Interconnected wireless body sensors could use sonar to treat diabetes, heart failure and other ailments
The military has for decades used sonar for underwater communication.
Now, researchers at the University at Buffalo are developing a miniaturized version of the same technology to be applied inside the human body to treat diseases such as diabetes and heart failure in real time.
The advancement relies on sensors that use ultrasounds – the same inaudible sound waves used by the navy for sonar and doctors for sonograms – to wirelessly share information between medical devices implanted in or worn by people.
“This is a biomedical advancement that could revolutionize the way we care for people suffering from the major diseases of our time,” said Tommaso Melodia, PhD, UB associate professor of electrical engineering.
His research, “Towards Ultrasonic Networking for Implantable Biomedical Device,” is supported by a five-year, $449,000 National Science Foundation (NSF) CAREER grant. The CAREER award is the foundation’s most prestigious for young investigators.
Details of Melodia’s work can be found at:http://1.usa.gov/17y2njQ.
The idea of creating a network of wireless body sensors, also called a “body area network,” is not new. Development of the technology began roughly 10 years ago.

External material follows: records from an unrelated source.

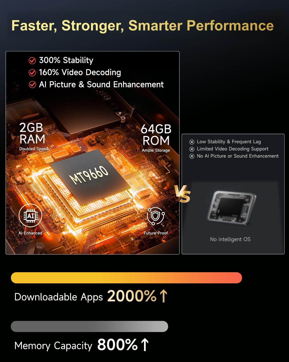 | Additional Features | ①2026 Upgrade: Official System ③Auto Lens Cap④High-Bright 2400 ANSI lumens⑤4K UHD Stunning⑥2×30W Deep Bass⑦DTS Audio with Dolby⑧Latest WiFi6 &Two-way Bluetooth 5.2 ⑨ Auto Focus& Auto 6D Keystone ⑩Lower Noise AI Dynamic Cooling |
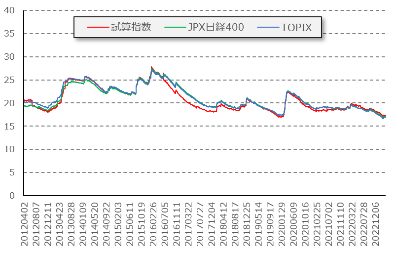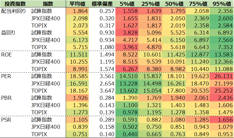 (1)指数別 投資指標の統計量(毎月末値を集計)
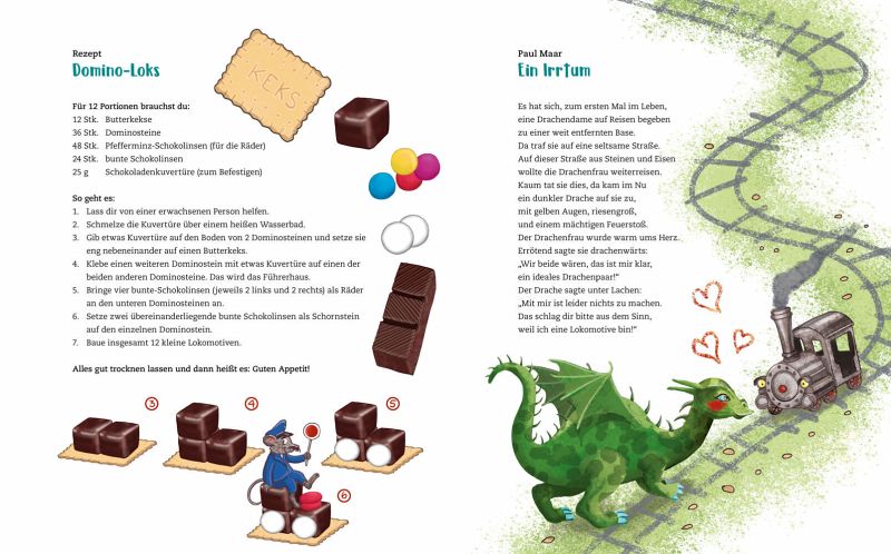 Ein kunterbunt illustriertes Buch voll rollender Räder und ratternder Schienen, mit Texten von Paul Maar, Christine Nöstlinger, James Krüss, Rolf Zuckowski u.v.m.

But most work has focused on linking sensors together via electromagnetic radio frequency waves – the same type used in cellular phones, GPS units and other common wireless devices.
Radio waves can be effective but they have drawbacks such as the heat they generate. Also, because radio waves propagate poorly through skin, muscle and other body tissue, they require relatively large amounts of energy, he said.
Ultrasounds may be a more efficient way to share information, Melodia said, because roughly 65 percent of the body is composed of water. This suggests that medical devices, such as a pacemaker and an instrument that measures blood oxygen levels, could communicate more effectively via ultrasounds compared to radio waves.
“Think of how the Navy uses sonar to communicate between submarines and detect enemy ships,” Melodia said. “It’s the same principle, only applied to ultrasonic sensors that are small enough to work together inside the human body and more effectively help treat diseases.”
Another example involves connecting blood glucose sensors with implantable insulin pumps. The sensors would monitor the blood and regulate, through the pumps, the dosage of insulin as needed in real time.
“We are really just scratching the surface of what’s possible. There are countless potential applications,” he said.